Advanced Lane Finding Project

The goals / steps of this project are the following:

  • Compute the camera calibration matrix and distortion coefficients given a set of chessboard images.
  • Apply a distortion correction to raw images.
  • Use color transforms, gradients, etc., to create a thresholded binary image.
  • Apply a perspective transform to rectify binary image ("birds-eye view").
  • Detect lane pixels and fit to find the lane boundary.
  • Determine the curvature of the lane and vehicle position with respect to center.
  • Warp the detected lane boundaries back onto the original image.
  • Output visual display of the lane boundaries and numerical estimation of lane curvature and vehicle position.

Camera Calibration

The code for this step is contained in the first code cell of the Jupyter notebook located in "./project.ipynb".

I start by preparing "object points", which will be the (x, y, z) coordinates of the chessboard corners in the world. Here I am assuming the chessboard is fixed on the (x, y) plane at z=0, such that the object points are the same for each calibration image. Thus, objp is just a replicated array of coordinates, and objpoints will be appended with a copy of it every time I successfully detect all chessboard corners in a test image. imgpoints will be appended with the (x, y) pixel position of each of the corners in the image plane with each successful chessboard detection.

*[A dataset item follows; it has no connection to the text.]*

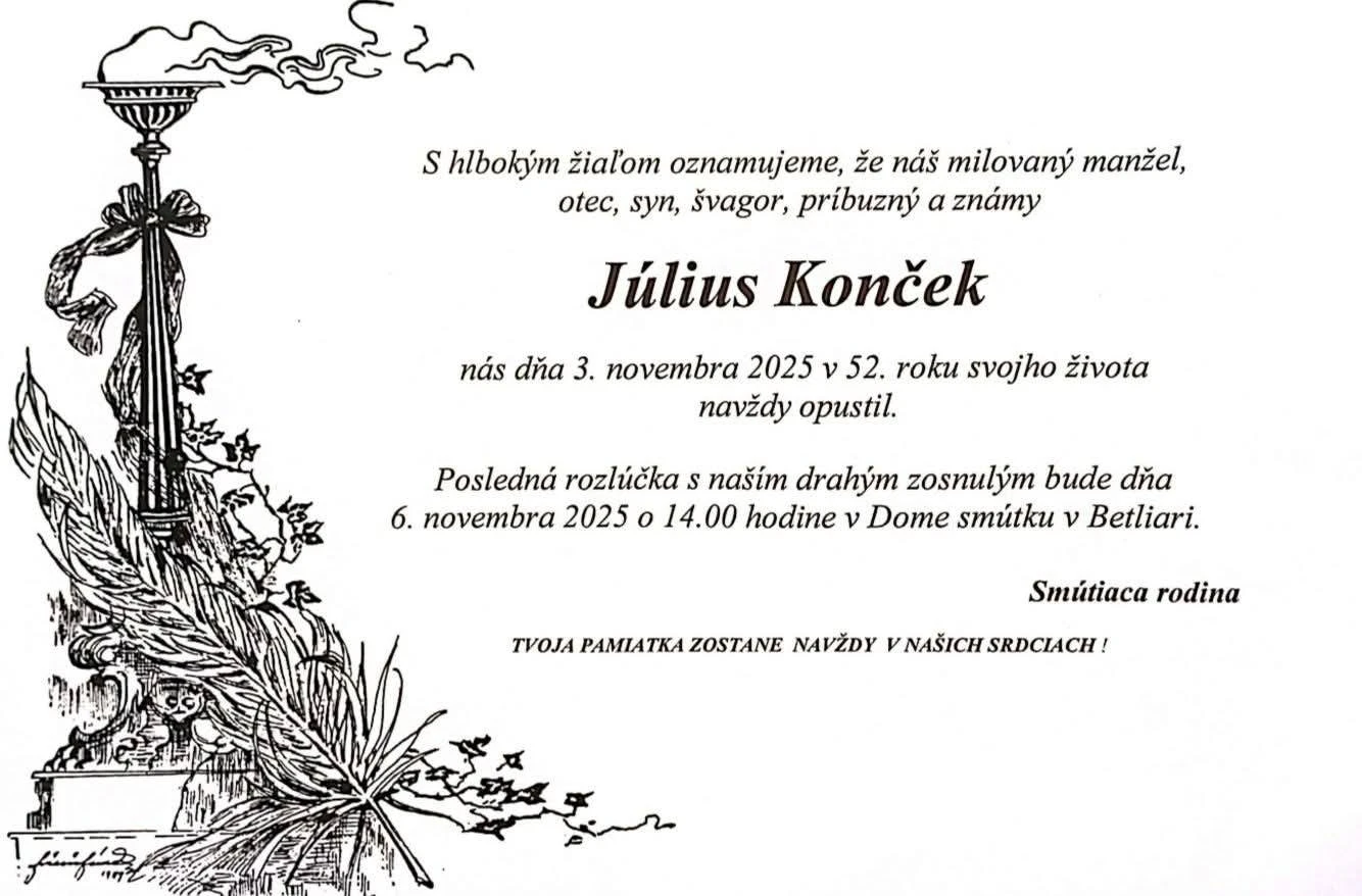 Rozlúčka s Júliusom Končekom sa uskutoční 6. novembra o 14:00 hod. v Dome smútku v Betliari. Jeho odkaz a energia však zostanú žiť v mladých jazdcoch, ktorým otvoril cestu do sveta pretekania.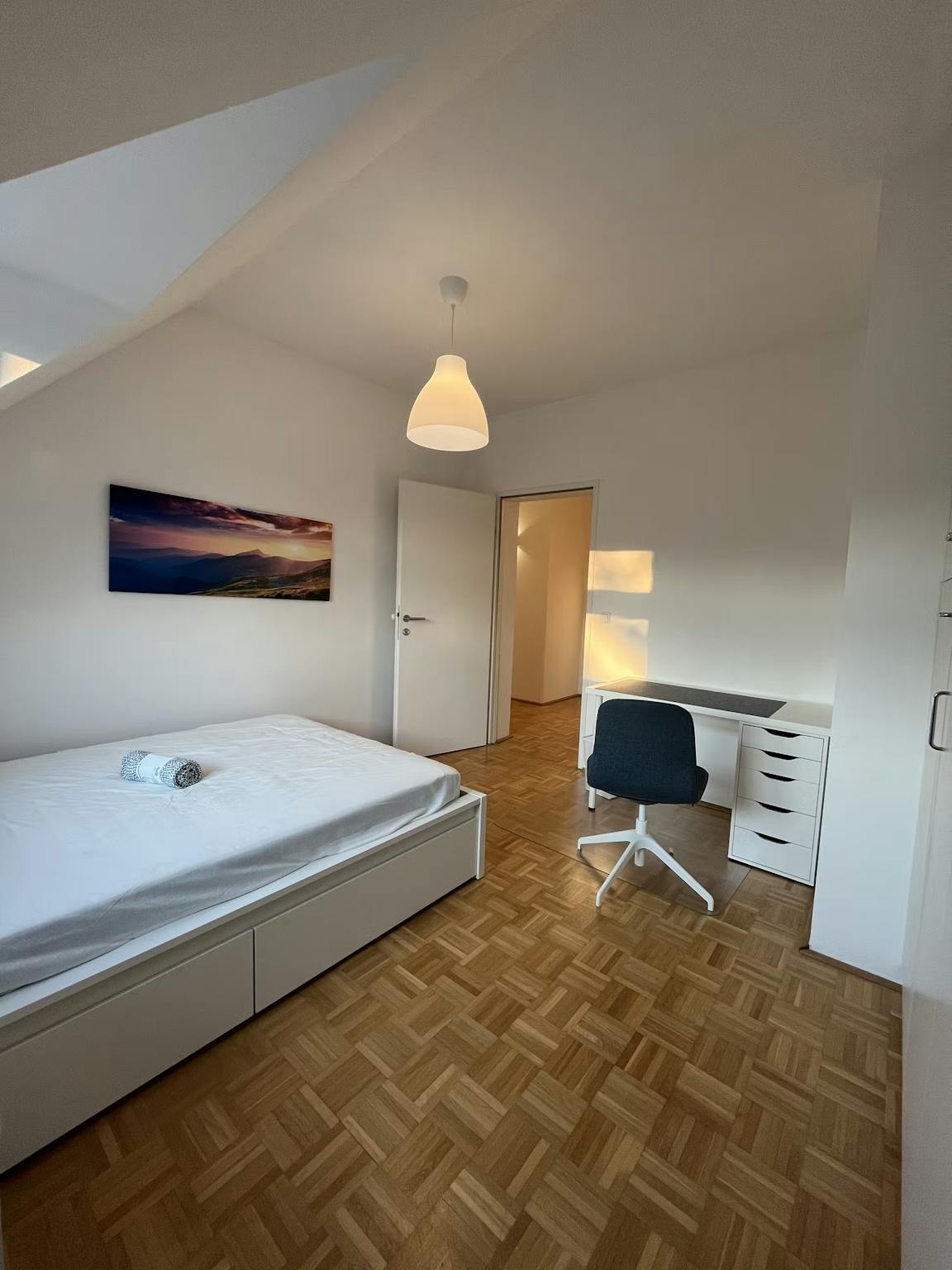 Das ca. 12m2 große Einzelzimmer bietet einen wunderschönen Blick auf den Pöstlingberg. Es ist sowohl voll möbliert für den sofortigen Einzug. Das abschließbare Privatzimmer ist mit einem Schreibtisch inkl. Rollsessel und 140/200 großen Bett mit einer bequemen Taschenfederkern-Matratze und Stauraum ausgestattet. Somit bietet das Zimmer den perfekten Raum für Schlaf und Studium bzw. Home-office.

I then used the output objpoints and imgpoints to compute the camera calibration and distortion coefficients using the cv2.calibrateCamera() function. The image looked like this before

Before

I applied this distortion correction to the test image using the cv2.undistort() function and obtained this after After

Pipeline (single images)

Step 1. Distortion-correction of images

Here we just apply the distortion-correction to any incoming images: alt text

Step 2. Colour and gradients thresholded images

I used a combination of color and gradient thresholds to generate a binary image (In the "Spatial threshold functions" and "Colour threshold functions" cells of the IPython notebook). Here's an example of my output for this step.

alt text

Step 3. Perspective transform

The code for my perspective transform includes a function called warp(), (in the "Perspective Transform of region of interest" cell of the IPython notebook). The warp() function takes as inputs an image (img), as well as source (src) and destination (dst) points. I chose to hardcode the source and destination points by choosing the source and destination points from one of the still images of the road. This resulted in the following points:

Source Destination
260, 680 260, 720
610, 450 260, 0
696, 450 1075, 0
1075, 671 1075, 720

alt text

Step 4. Finding the Lane Lines

Then I partisioned the image into 9 different horizontal slices and in each of these slices I would find the "best" point of the left and right lanes. Then with all of these point I fit two second degree polynomials to them. (in the "Finding the Lane Lines" cell of the IPython notebook)

alt text

Step 5. Radius of curvature

I did this in the "Measuring Curvature and Displacement" cell of the IPython notebook.
To figure out the position of the vehicle with respect to center of the lane I compared the center of the image to the midpoint of the left and right polynomials to get how many pixels the car was from the center then I converted the number of pixels to meters.

Step 6. End of the pipeline

I implemented this step in the "Transform Polynomial back to original image" cell of the IPython notebook using a function called transformPolyOnImg(). Here is an example of my result on a test image:

alt text


Pipeline (video)

Here is a link to see the pipline in action

IMAGE ALT TEXT


Discussion

We could improve the prformance of the pipline when applied to videos from keeping track of where the estimations of the prevoius lanes are. The pipeline is likely to fail on dirt roads or possibly roads where the lane lines are very fated out.